* TASK GOAL *
Every line from the first one in the data below through the line holding "The bathroom is" is to be written out exactly, with the pictures omitted.

* PROVIDED DATA *
------------------------------------------------------------------------
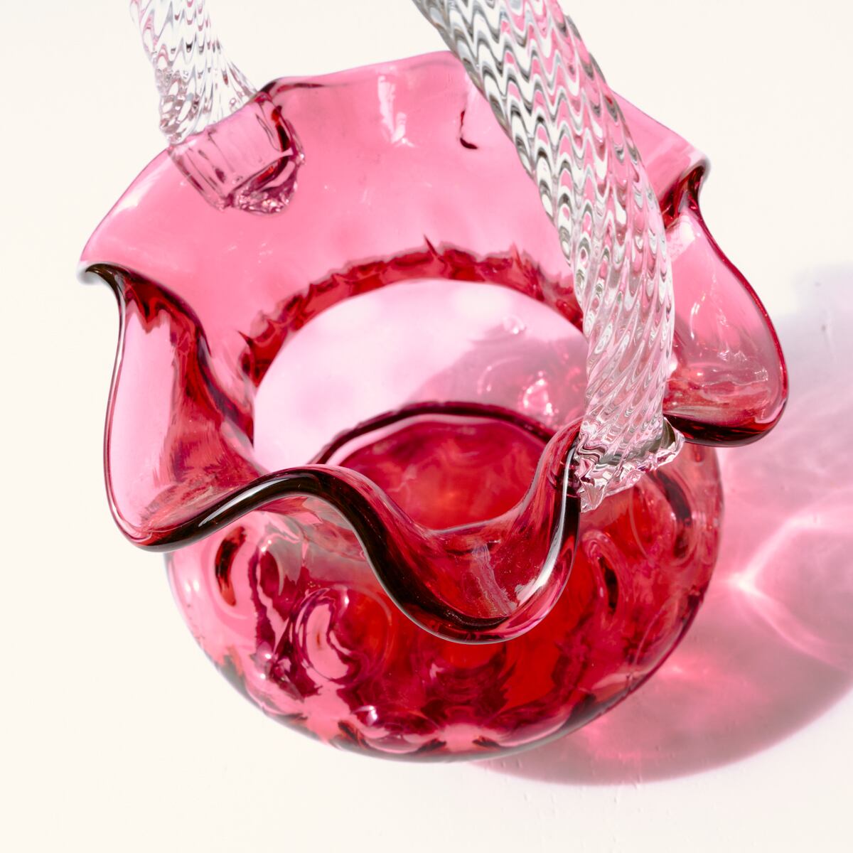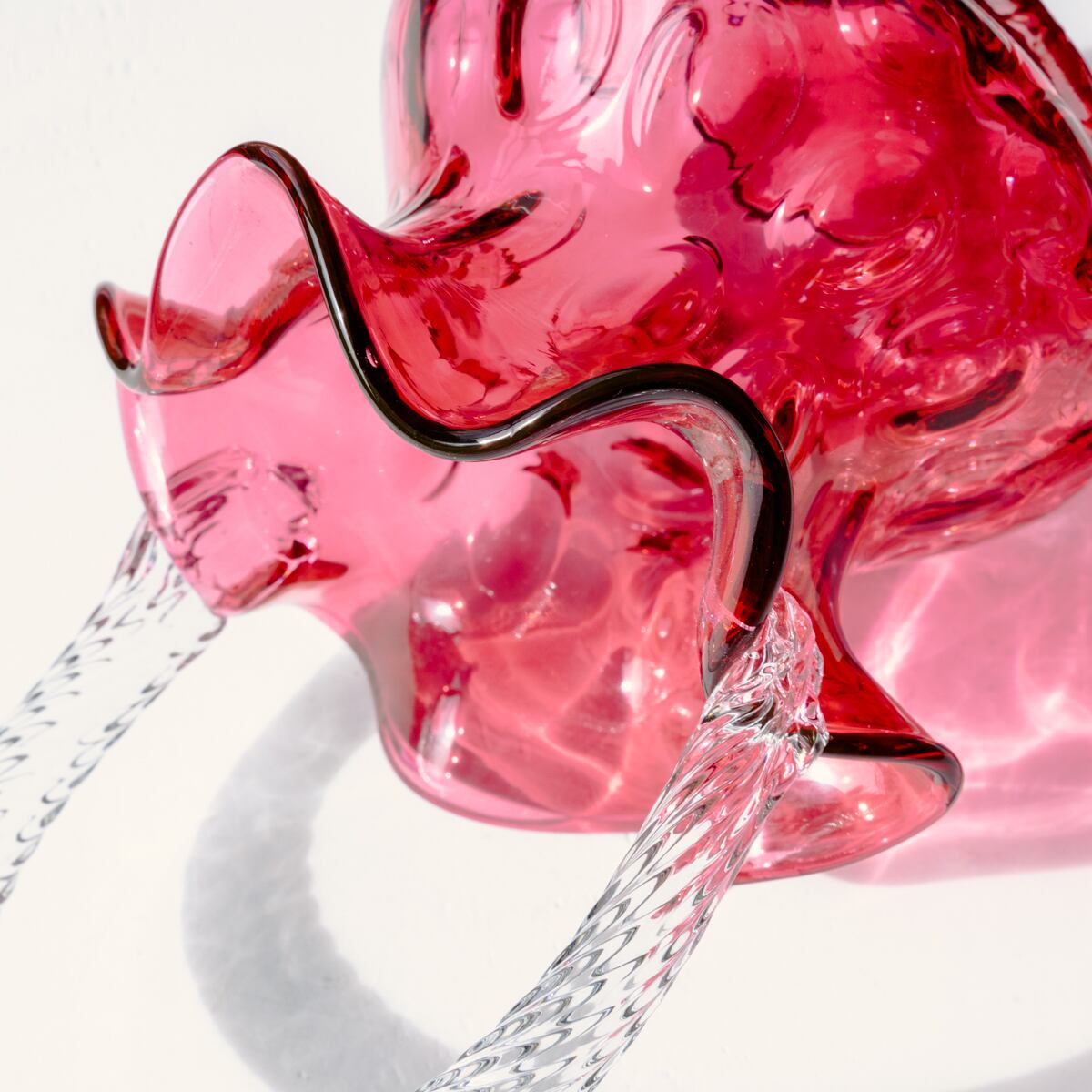 クランベリーのような明るい色が目を引く、可愛らしく美しいアートガラス。
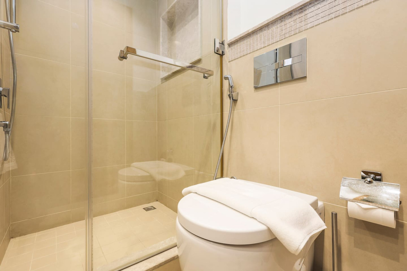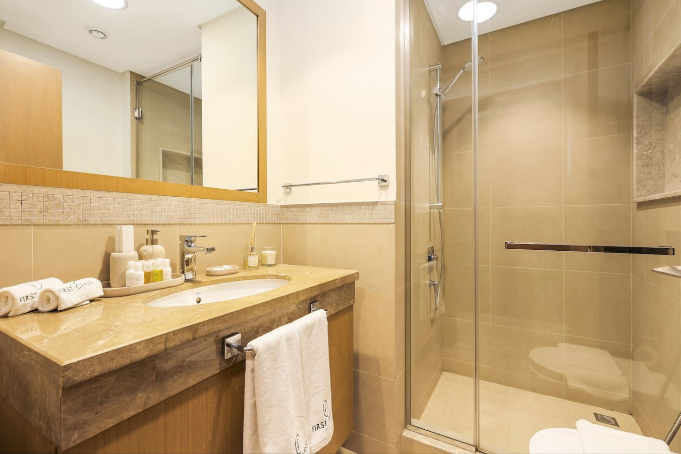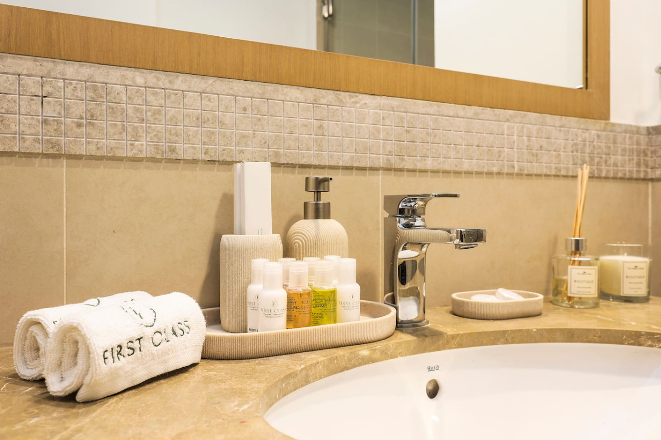 The bathroom is stocked with fresh towels and essential toiletries, so you don’t have to worry about bringing your own.
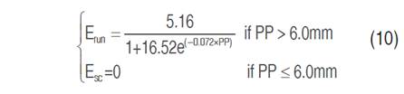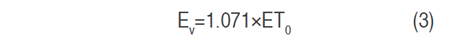 The potential evapotranspiration (ETp) of the crop is mandatory to calculate ET0, which was estimated by Equation 3 and 4 (Ramírez et al., 2010), where EV=evaporation (mm), PP=precipitation (mm) and Kc=crop coefficient. As this Kc has not been measured for Colombia, therefore, the value reported by (Ramírez et al., 2010) were used in this case, given the planting density and age of the plants.
------------------------------------------------------------------------
* ANSWER BELOW *
 クランベリーのような明るい色が目を引く、可愛らしく美しいアートガラス。
 The bathroom is stocked with fresh towels and essential toiletries, so you don’t have to worry about bringing your own.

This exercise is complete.